CHAPTER NINE 



Retracing the Day’s Events 




   Connor’s stare intensified. Now nursing the gaze one gets when committing suicide by strangling their own intestine, he slowed his thoughts down. He knew time would soon be on his side in a good way. That horrid unsure feeling creeping across his mind would pass. Still, he worked diligently to gain back some semblance of normalcy. Unfortunately, a rabble of brain cells behaving quite boorishly refused to return from their siesta. Nevertheless, like a famished baby grasping for the teat of reality, he remained determined to come up with a plan. 

   Instinctually, he clutched onto three basic momentary facts: one, he held in his hand a fortune cookie-thingy that read, “I Buried Paul,” along with several jagged pieces of his precious John Lennon porcelain doll that the message came from; two, there was a good chance he had just invited Wes to become his new roommate; and three, the two were leaving the paranoid phase of the high and fast approaching the end stage known to many as the “giggles.” None of those facts made him happy, but he couldn’t help laughing over them. Laugh, giggle, snort – everything seemed funny. Especially the cheeky shadow by the closet that more than likely wasn’t in any way trying to resemble King Charles – though doing a spot-on job of it, surprisingly so if you’re just looking at its ears. 

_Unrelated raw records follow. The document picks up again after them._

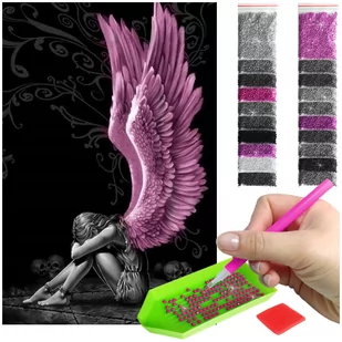 Haft Diamentowy ARTULIO, Obraz DIY 5D, Diamond Painting, Mozaika diamentowa 40x60cm (Anioł z różowymi skrzydłami) + zestaw akcesoriów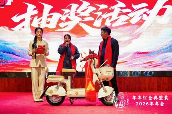 随着奖项的逐一揭晓,现场欢呼与掌声此起彼伏。而当在晚会最终环节,年年红金典整装总经理马国华从抽奖箱中抽出特等奖——电动车大奖的得主姓名时,全场气氛瞬间被引爆。获奖员工激动不已,这份开年巨奖不仅是一份幸运,更寓意着在新的一年里“马力全开”,前程似锦。抽奖环节不仅送出了丰厚礼物,更将关爱、惊喜与欢乐深深融入每位员工的体验之中。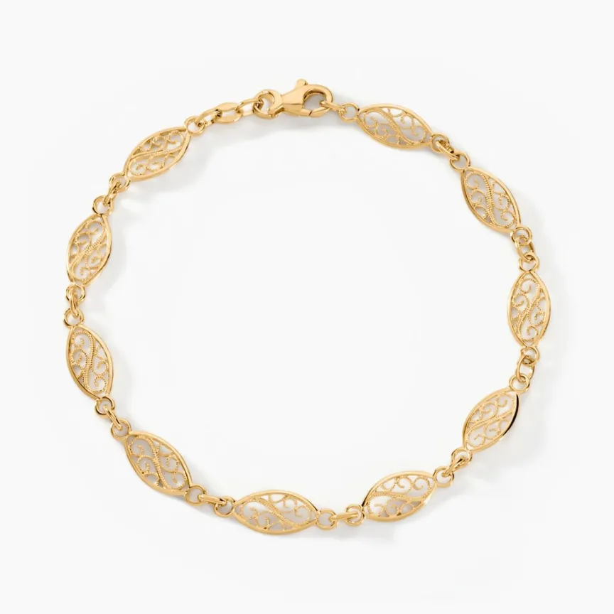Bracelet Or Jaune 375/1000 Maille Filigrane 19cm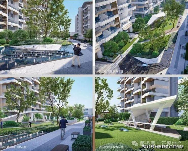 景观设计融合"江洲山林"意境,以两轴一心四园格局打造度假式园林,重新定义滨江生活美学。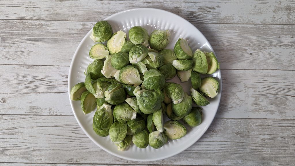 - Prepare brussels sprouts by cutting off a small end of the stem and removing no more than one outer leaf layer. Cut in halves. Some loose leaves are fine and will crisp up nicely.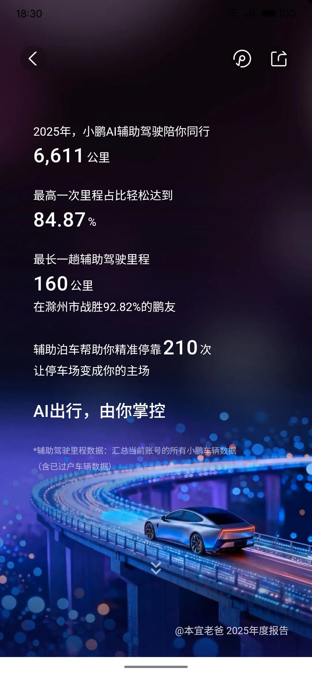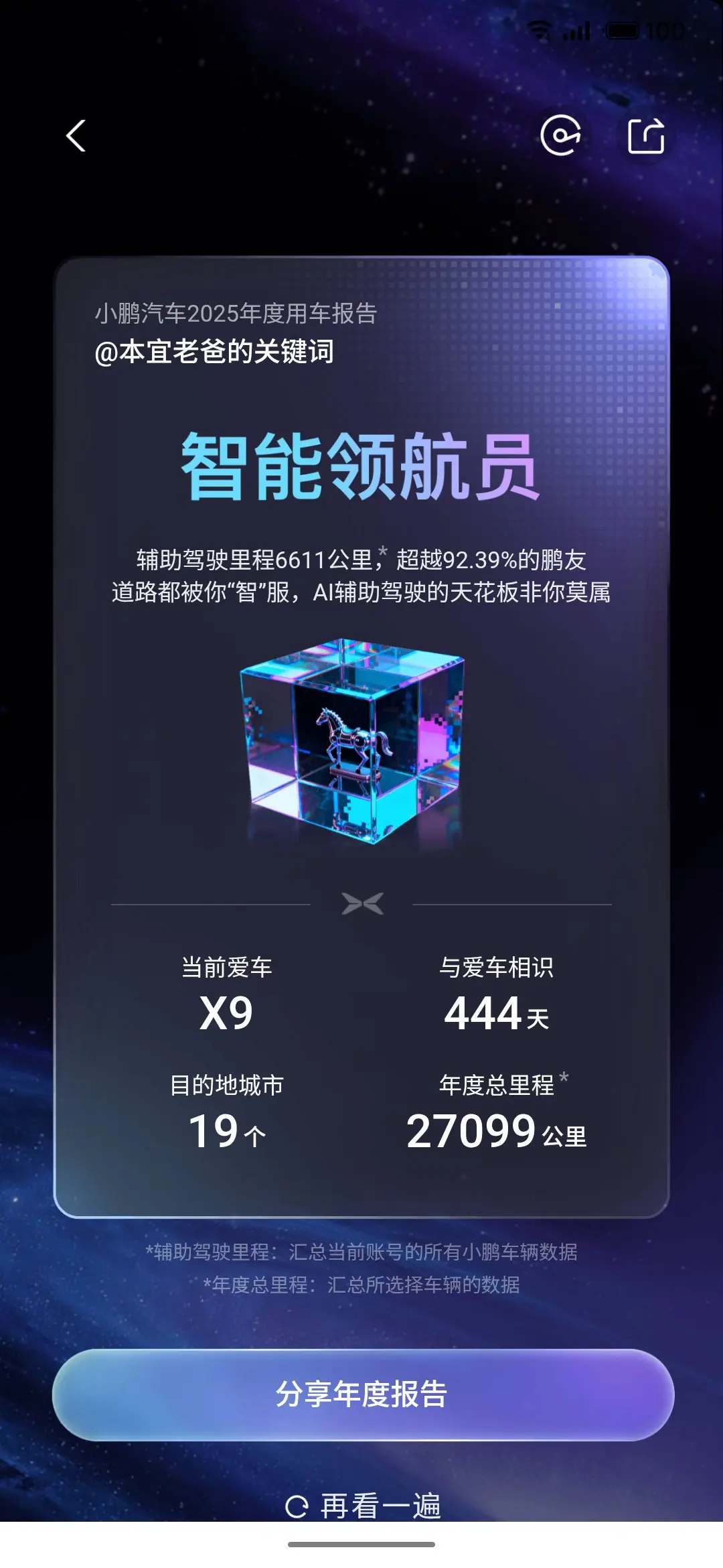 #小鹏汽车、#小鹏X9、#2025小鹏智能用车报告2025年总里程27099公里,去了19个城市,智驾里程6611公里!因为自己特别喜欢和家人一起自驾的时光,所以总想着开着X9去往不同的城市,感受不一样的文化,美食!刚好时间也允许,2025我们去了湖南,湖北,江西,广东,山东,江苏!以前开车需要高度集中注意力,所以长途开车很累!有了小鹏X9确实轻松了很多,智驾带来的方便真心不错,以后再也离不开智驾啦!!2026,期待更多的美好时光!依旧在路上ing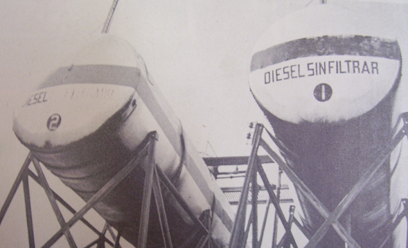 En los tiempos del vapor algunos carros* de servicio como las grúas de auxilio* contaban con caldera vertical que a su lado tenía contenedores* de agua y combustible*.

   Standing on the other side of the room, laughing at absolutely nothing, was Wes, but in his case, he was literally laughing at nothing – or to be more precise, the concept of nothing in purely mathematical terms. You see, to a mathematician “nothing” meant exactly that: “the absence of anything” – zero, zilch, nada – and yet to a physicist, even in nothing there is something – a good reason why those silly knobs are never invited to Christmas parties. And God forbid you attend a mixer of mathematicians and physicists. What joy that is – with both sets of nerds standing on opposite sides of the room wondering who are the worse at attracting the opposite sex and both concluding by the evening’s end that it had to be the bloody geologists – boring apes, going on and on about their little stones. “Oh, look it’s an igneous rock.” Who cares?!!! 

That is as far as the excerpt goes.